---------- Exercise inputs ----------

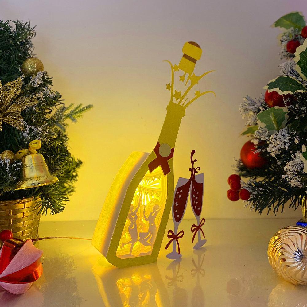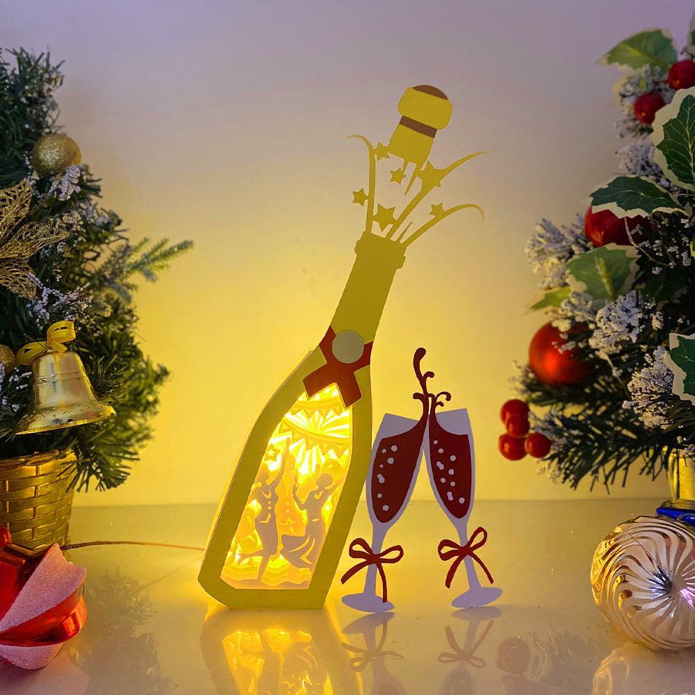 New Year Party - Paper Cut Champagne Light Box File - Cricut File - 10,3x5,7 Inches - LightBoxGoodMan
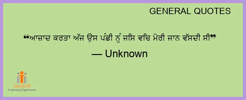 ਆਜ਼ਾਦ ਕਰਤਾ ਅੱਜ ਉਸ ਪੰਛੀ ਨੂੰ ਜਿਸ ਵਿਚ ਮੇਰੀ ਜਾਨ ਵੱਸਦੀ ਸੀ
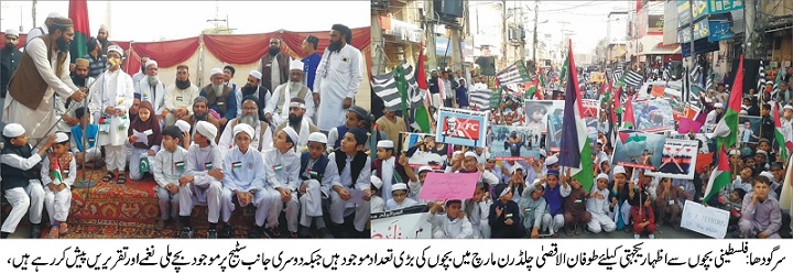 مارچ کے شرکا نے اسرائیل کی مصنوعات کے بائیکاٹ کا اعلان ب کرتے ہوئے کہا کہ اسرائیل کی جانب سے غزہ میں معصوم فلسطینی بچوں کی نسل کشی کا سلسلہ جاری ہےاب تک غزہ میں اسرائیل کے وحشیانہ حملوں کے دوران ہزاروں بچے شہید ہوچکے ہیں۔
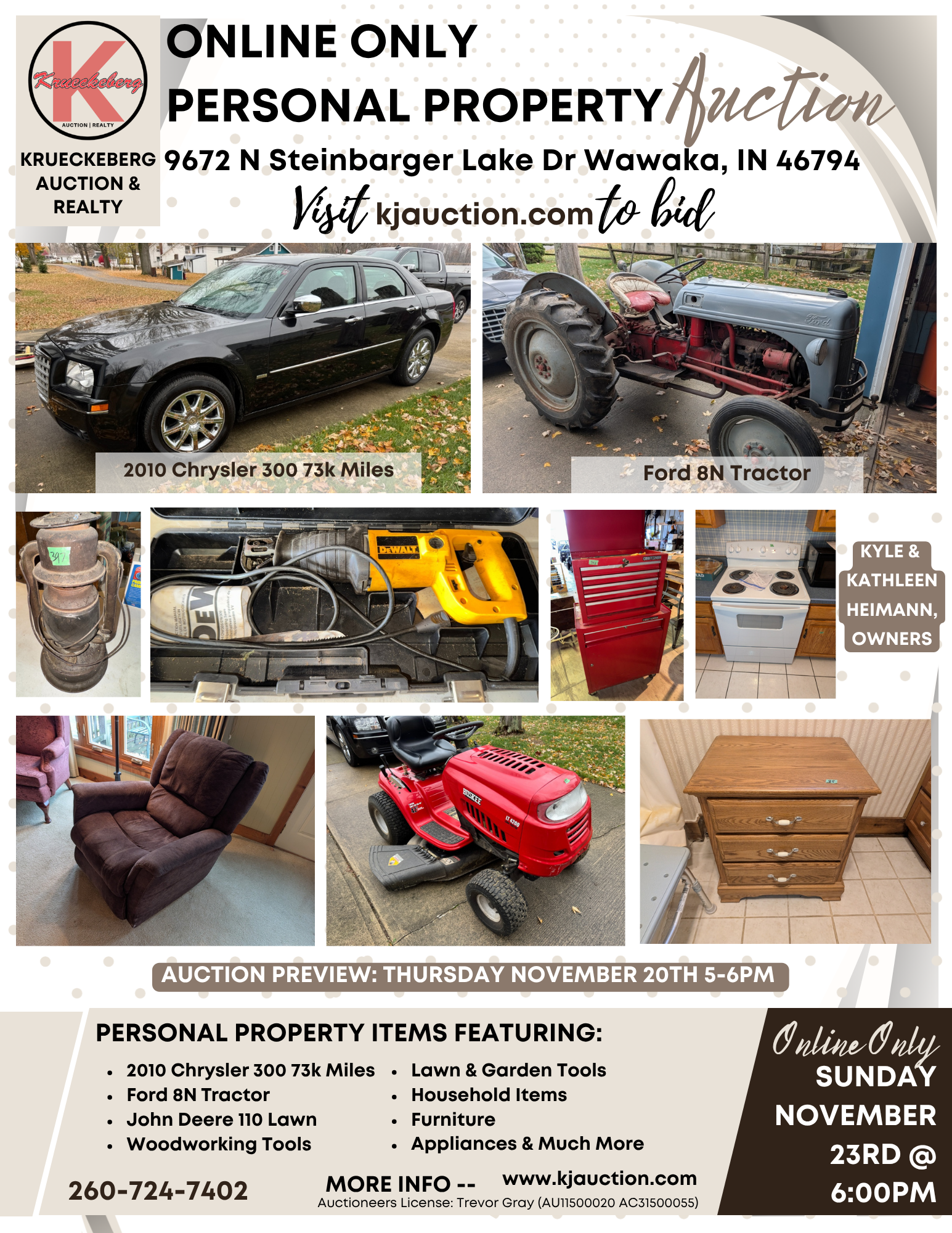 Terms & Conditions Personal Property: Items Located in Wawaka, IN. All descriptions believed accurate but not warranted. * By placing a bid, bidder signifies that they have examined the items to their satisfaction, or that they have chosen not to personally examine them. * All Items Sold AS-IS no warranty guaranteed! * The auction company reserves the right to reject any bid at our sole discretion. * 15% Buyers Premium on a PER ITEM basis, $35 Title processing fee PER TITLED ITEM, Payments accepted: Credit cards will automatically be charged at the conclusion of the auction, All statements made the day of auction take precedence over all written matter. All Removal of items are at the buyers risk, NOT RESPONSIBLE FOR ACCIDENTS) Kyle & Kathleen Heimann , Owners Auctioneers License: Trevor Gray (AU11500020 AC31500055)
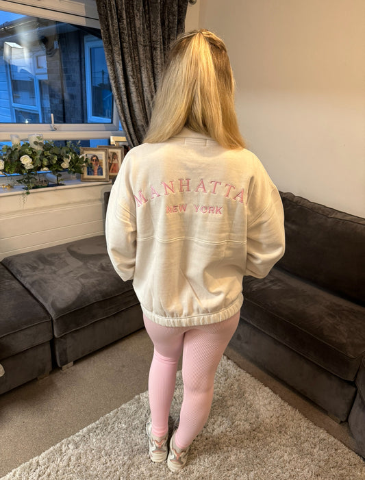 ACID WASH OVERSIZED BOMBER STYLE FLEECE ZIPPER CO-ORD
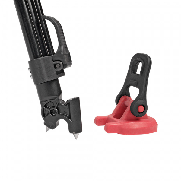 Ножки штатива вилочного типа. Секции ног надежно фиксируются клипсовыми замками. При ослаблении клипсового фиксатора — возможна регулировка зажима винтом (винтами) с обратной стороны клипсы. На концах штативных ног размещены парные шипы, на которые надеваются резиновые "башмаки". Таким образом, можно выбрать необходимый тип опоры для различных условий съемки. Шипы используются вне помещений, например для устойчивости на грунте или на льду, а резиновые опоры обеспечивают отличное сцепление на скользких и гладких поверхностях для защиты поверхности пола от царапин и повреждений. Для усиления штатива используется верхняя съёмная растяжка, которая не позволяет ногам разъезжаться и обеспечивает быстрое затухание колебаний. В комплекте предусмотрена съёмная нижняя телескопическая растяжка, применяемая на ровных поверхностях. Размах растяжки варьируется от 88 до 132 см.
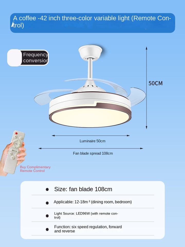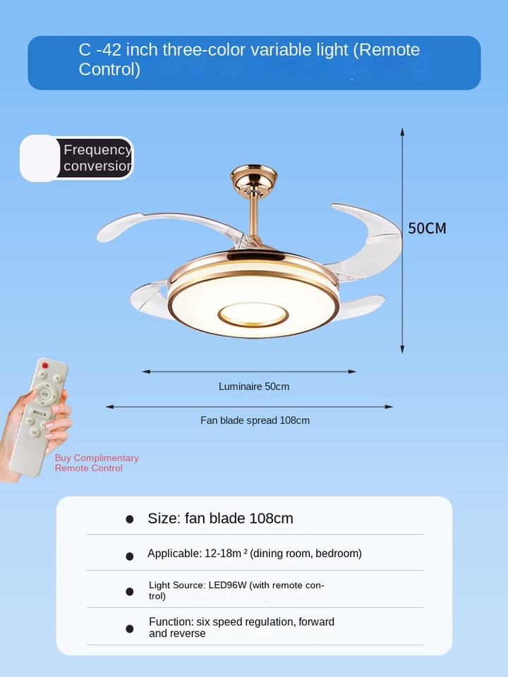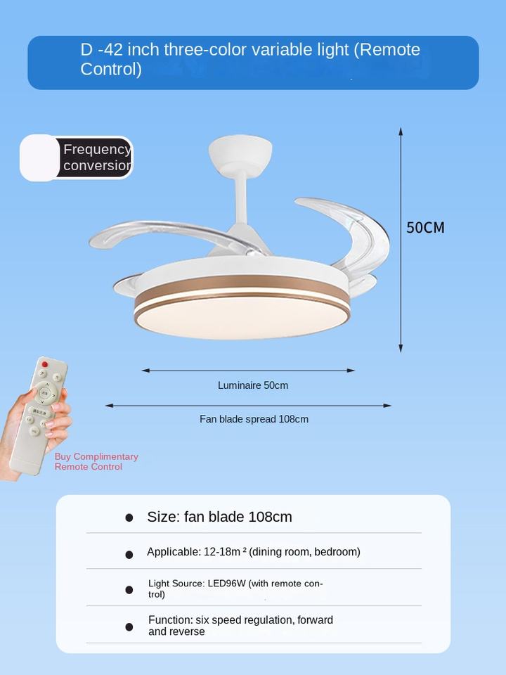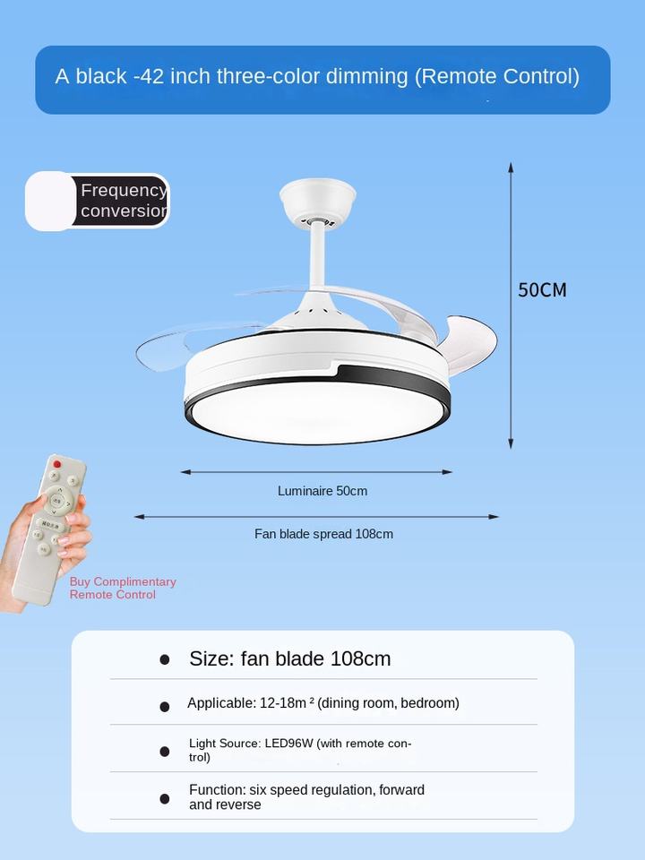 Foldable, With Light, Energy Saving, BLDC Motor, Reversible Airflow, Quiet Design, Air Purification Function, Remote Control
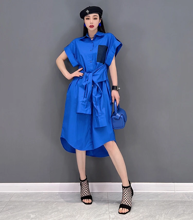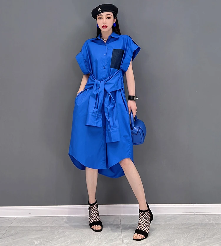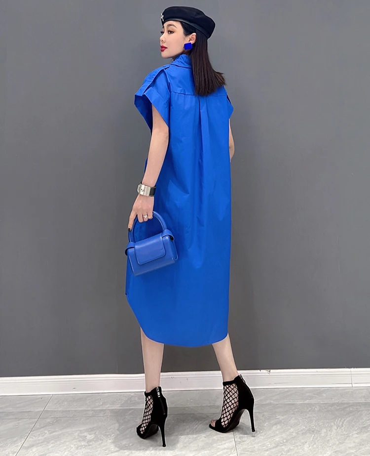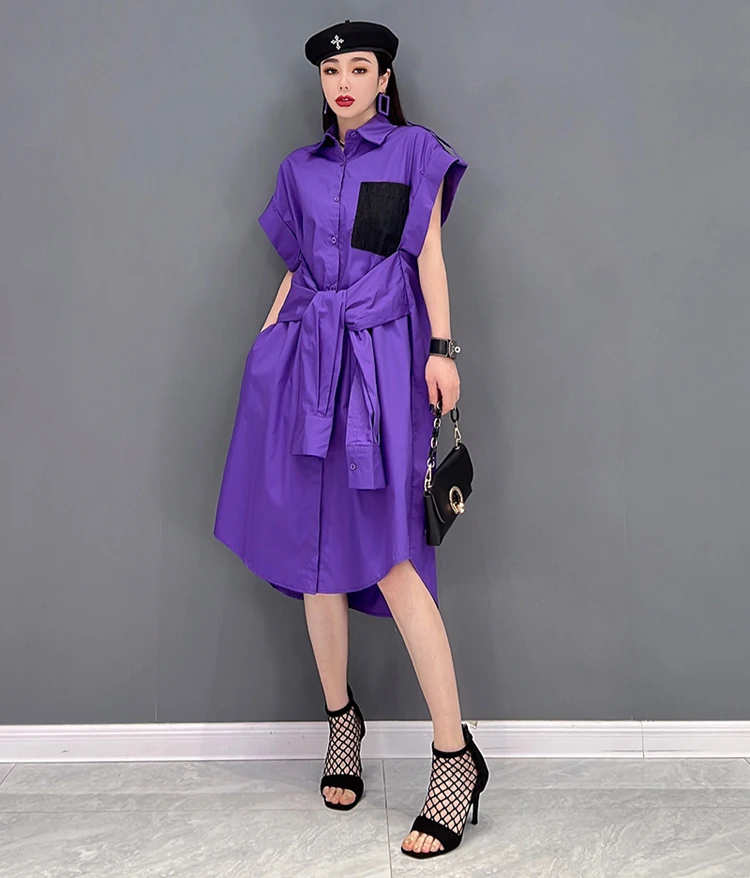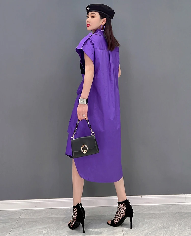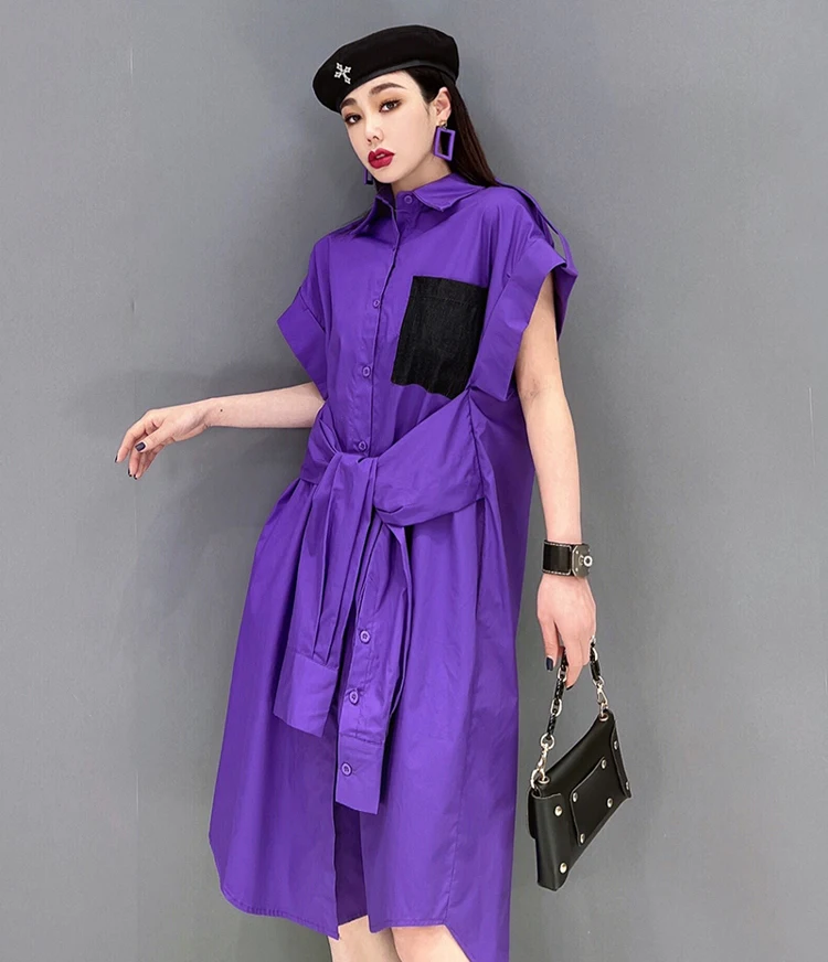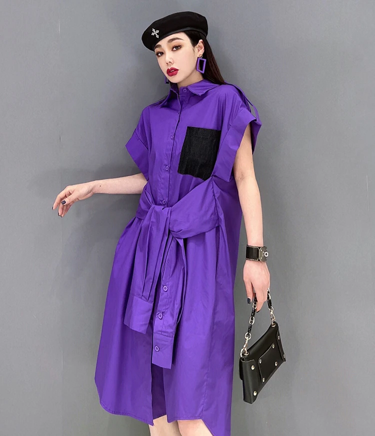 Extra Sleeves Decorated New 2025 Summer Korean Style Woman Purple Shirt Dress Loose Fit Chic Unique Big Size Casual Robe JKXD005

----------

◆ **Instructions to follow**: Exactly as they appear, please return only the lines from the first line of the records through the line containing "مارچ کے شرکا", both included, leaving out all pictures.

◆ **Solution**:
 New Year Party - Paper Cut Champagne Light Box File - Cricut File - 10,3x5,7 Inches - LightBoxGoodMan
 ਆਜ਼ਾਦ ਕਰਤਾ ਅੱਜ ਉਸ ਪੰਛੀ ਨੂੰ ਜਿਸ ਵਿਚ ਮੇਰੀ ਜਾਨ ਵੱਸਦੀ ਸੀ
 مارچ کے شرکا نے اسرائیل کی مصنوعات کے بائیکاٹ کا اعلان ب کرتے ہوئے کہا کہ اسرائیل کی جانب سے غزہ میں معصوم فلسطینی بچوں کی نسل کشی کا سلسلہ جاری ہےاب تک غزہ میں اسرائیل کے وحشیانہ حملوں کے دوران ہزاروں بچے شہید ہوچکے ہیں۔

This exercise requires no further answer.